Implications for educators
Educators can draw valuable insights from this study to enhance their Interprofessional Learning (IPL) approaches. This study shows that an assessment of the performance of interprofessional teams provided scores that can be trusted, and second members of one professional group can be trusted to judge the performance of members in other professional groups in dealing with particular types of patient cases. This study provides some preliminary validity evidence for integrating peer assessment into IPL activities.. Therefore, assessment can be leveraged as a driving force in implementing IPL. By shifting the focus to assessment for learning, educators can provide robust evidence of the quality of interprofessional collaborative learning. It seems possible that a focus on assessment in IPL reframes the ‘problem’ of assessing large cohorts’ in IPL [2] to one of opportunity and provides a possible way forward in progressing the IPL agenda. Student assessment often drives learning.
Furthermore, educators should emphasise the preparation of students for peer assessment. By cultivating a deep understanding of peer assessment's purpose and implications, students can better assess their peers. Educators should consider interventions that enhance student assessor judgment. Recognizing that biases in peer assessment primarily stem from student assessor leniency and subjectivity, educators can proactively address these influences by encouraging students to critically reflect on their judgement of an IPL performance in the light of the intended criteria.

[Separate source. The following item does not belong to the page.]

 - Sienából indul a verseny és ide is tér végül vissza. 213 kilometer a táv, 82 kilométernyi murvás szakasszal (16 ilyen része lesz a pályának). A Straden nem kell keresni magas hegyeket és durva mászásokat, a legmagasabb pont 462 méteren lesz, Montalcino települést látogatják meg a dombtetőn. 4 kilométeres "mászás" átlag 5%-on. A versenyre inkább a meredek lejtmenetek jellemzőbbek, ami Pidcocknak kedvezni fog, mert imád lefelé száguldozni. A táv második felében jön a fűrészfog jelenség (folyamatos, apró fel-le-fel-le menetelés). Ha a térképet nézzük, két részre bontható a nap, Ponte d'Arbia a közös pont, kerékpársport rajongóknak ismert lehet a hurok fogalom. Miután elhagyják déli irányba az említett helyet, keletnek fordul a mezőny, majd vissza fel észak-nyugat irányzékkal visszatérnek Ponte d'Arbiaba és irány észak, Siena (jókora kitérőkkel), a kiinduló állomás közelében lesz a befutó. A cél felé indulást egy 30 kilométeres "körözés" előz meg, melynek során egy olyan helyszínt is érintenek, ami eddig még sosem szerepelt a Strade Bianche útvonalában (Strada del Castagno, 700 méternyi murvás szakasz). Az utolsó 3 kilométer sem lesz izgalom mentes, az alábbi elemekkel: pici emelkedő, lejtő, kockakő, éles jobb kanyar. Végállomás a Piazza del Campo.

Incorporating diverse cases of equal complexity in large-scale IPL events need not compromise learning outcomes. Educators can confidently expand the scope of scenarios, enriching students' exposure to authentic clinical situations.
Implications for further research
First, the transformative role of assessment for learning within the IPL landscape emerges as a focal point of this study. The study illustrates assessment's capacity to catalyse learning experiences. The shift in perspective from viewing assessment challenges as obstacles to recognizing them as avenues for advancing IPL prompts researchers to consider innovative ways of integrating assessment for learning methods that resonate with the goals of IPL.

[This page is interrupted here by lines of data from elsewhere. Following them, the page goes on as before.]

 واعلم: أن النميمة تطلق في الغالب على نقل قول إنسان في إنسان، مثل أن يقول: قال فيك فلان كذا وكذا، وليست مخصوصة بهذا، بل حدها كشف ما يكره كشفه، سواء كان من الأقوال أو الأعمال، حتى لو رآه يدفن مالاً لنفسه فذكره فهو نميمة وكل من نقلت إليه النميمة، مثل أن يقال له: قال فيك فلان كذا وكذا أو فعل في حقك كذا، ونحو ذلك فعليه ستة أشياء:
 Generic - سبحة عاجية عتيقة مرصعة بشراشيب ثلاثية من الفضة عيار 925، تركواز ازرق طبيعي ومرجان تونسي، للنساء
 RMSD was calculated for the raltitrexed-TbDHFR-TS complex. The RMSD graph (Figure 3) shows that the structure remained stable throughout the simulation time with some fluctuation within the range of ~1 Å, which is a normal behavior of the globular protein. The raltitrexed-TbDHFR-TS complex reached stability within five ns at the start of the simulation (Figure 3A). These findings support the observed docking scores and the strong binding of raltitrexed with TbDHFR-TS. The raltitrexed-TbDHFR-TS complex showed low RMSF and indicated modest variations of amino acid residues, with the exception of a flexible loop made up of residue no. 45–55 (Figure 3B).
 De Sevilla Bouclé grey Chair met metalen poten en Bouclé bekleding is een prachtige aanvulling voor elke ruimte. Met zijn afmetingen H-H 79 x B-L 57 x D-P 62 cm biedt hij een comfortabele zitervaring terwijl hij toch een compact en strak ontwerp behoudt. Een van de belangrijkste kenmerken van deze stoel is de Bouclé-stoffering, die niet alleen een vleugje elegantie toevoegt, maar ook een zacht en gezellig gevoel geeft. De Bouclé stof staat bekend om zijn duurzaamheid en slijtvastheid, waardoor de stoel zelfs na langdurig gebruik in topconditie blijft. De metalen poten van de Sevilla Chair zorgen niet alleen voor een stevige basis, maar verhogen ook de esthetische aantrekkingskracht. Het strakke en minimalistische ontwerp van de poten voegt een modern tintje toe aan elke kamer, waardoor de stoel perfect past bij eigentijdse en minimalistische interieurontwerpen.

Second, the study underscores the need for more validity evidence of peer assessment integration within the IPL paradigm. This observation encourages researchers to investigate the potential of peer assessment as a dependable assessment mechanism across diverse IPL contexts. Given the role of student assessor leniency and subjectivity in shaping assessment outcomes, researchers could explore the underpinning causes of these biases, with a view to conceptualizing strategies that can temper their impact. In our study, most students had had little formal preparation for IPL activities, which accords with the findings of others [13]. In settings where there is formal preparation for IPL, we anticipate a reduction in student assessor subjectivity and the need for fewer student ratings. Further empirical studies on IPL learning activities that use video-based peer assessment are a rich area for further research.
Conclusion
A peer assessment of a student-produced video depicting interprofessional collaborative teamwork around management of complex patient cases can be valid for decision-making about student team performance. Each student profession had the same view of good or poor collaborative teamwork but marked to differing standards. The overall standard of collaborative teamwork was similar across a range of cases and the judgements of different professions did not diverge by case. It’s possible that further refining marking rubrics and assessor training could modify student assessor subjectivity. Similarly, the impact of profession on assessing individual peers and the case-specificity of team performances in IPL settings need further exploration. This innovative approach to assessment offers a promising avenue for enhancing the measurement of collaborative learning outcomes in large-scale Interprofessional Learning initiatives.
Data availability
Findings from the datasets supporting the conclusions of this article are included within the article. The datasets generated and analysed during the current study are not publicly available due to confidentiality agreements approved by the Human Research Ethics Committee but are available from the corresponding author on reasonable request.
References
Bogossian F, Craven D. A review of the requirements for interprofessional education and interprofessional collaboration in accreditation and practice standards for health professionals in Australia. J Interprof Care. 2021;35(5):691–700.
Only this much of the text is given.